末松則子鈴鹿市長「カズダンス楽しみ」F1聖地、サッカーでも町おこし

末松則子鈴鹿市長「カズダンス楽しみ」F1聖地、サッカーでも町おこし

21年12月、「JAPAN ALL STAR 2021」でゴールを決めカズダンスをするカズ(中央手前)

Jリーグ横浜FC・FWカズ(三浦知良、54)の日本フットボールリーグ(JFL)鈴鹿ポイントゲッターズへの期限付き移籍が決定した11日、クラブの地元三重県鈴鹿市も沸いた。末松則子市長(51)は「心から歓迎いたします。三浦選手がピッチで躍動し、ゴールを決め、カズダンスを披露してくれることを楽しみにしています」。昨季はあと1歩でJ3昇格を逃しただけに「長年の実績と経験が、三重県初のJリーグ昇格へと導いていただけることを願っています」と、勝利へ直結する得点量産に期待を寄せた。
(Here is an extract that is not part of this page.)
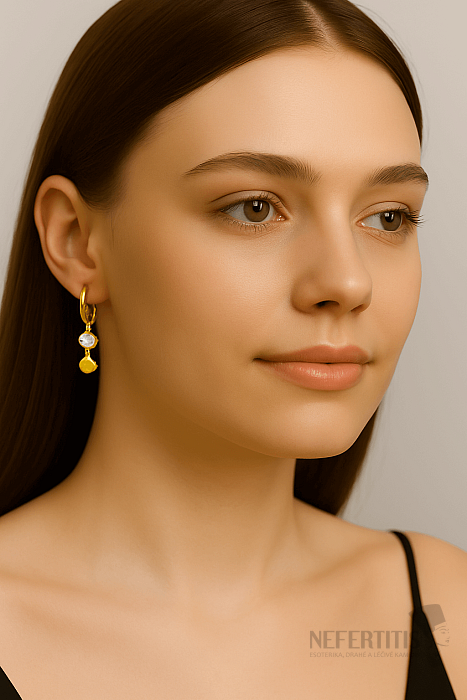Nadčasové pozlacené stříbrné náušnice se zirkonem o délce 2,5 cm vynikají originálním designem, který tvoří dkterý tvoří kruh o průměru 1,2 cm a síle 1,2 mm s přívěskem ve tvaru mušle. Mušle obecně symbolizuje ochranu, ženskost/plodnost, zrod a cestu. Náušnice jsou typu huggie. Huggie náušnice jsou malé kruhové náušnice, které těsně obepínají ušní lalůček a díky zaklapávacímu kroužkovému (pantovému) zapínání se pohodlně nosí po celý den.

サポーターも、兄三浦泰年監督との兄弟タッグ結成を待ち望んでいた。サポーターズクラブ「VictoryCross(ビクトリークロス)」の大山隆弘代表(38)は、「すごいことになった。日本代表、海外の経験、プロとしての姿で、クラブ、選手、サポーターに影響を与えてほしい」と願う。これまでもJクラブから加入した選手の影響力を感じていたが、格の違いを強調。「一皮むけたクラブにしてほしい。Jリーグに入るためには観客数も3000人以上集めることを目標にしていかないといけない。クラブを知ってもらえたり、新たなサポーターが来てくれたり、まわりからの見る目も変わってくると思う」。コロナ禍で大声での応援が解禁されるかはわからないが、コールリーダーを中心に、新たなカズの応援歌を検討する可能性もある。

市内の鈴鹿サーキットはモータースポーツの聖地として有名。カズの加入で、さらなる町おこしも期待される。市のスポーツ課担当者も「レジェンドの方に来ていただいたので、市民と一緒にサッカーも観光も盛り上げていきたい」。来年完成予定の新スタジアム計画も進んでおり、カズをJ伝道師として迎え入れる。【鎌田直秀】

<工場地区に事務所>

鈴鹿ポイントゲッターズにはクラブハウスがなく、クラブの運営会社アンリミテッドの所在地は、鈴鹿市住吉4丁目。鈴鹿サーキットから北に2キロ、自動車工場や倉庫などの広がる地区の一角で、アンリミテッドが運営するフットサル場として開放されている。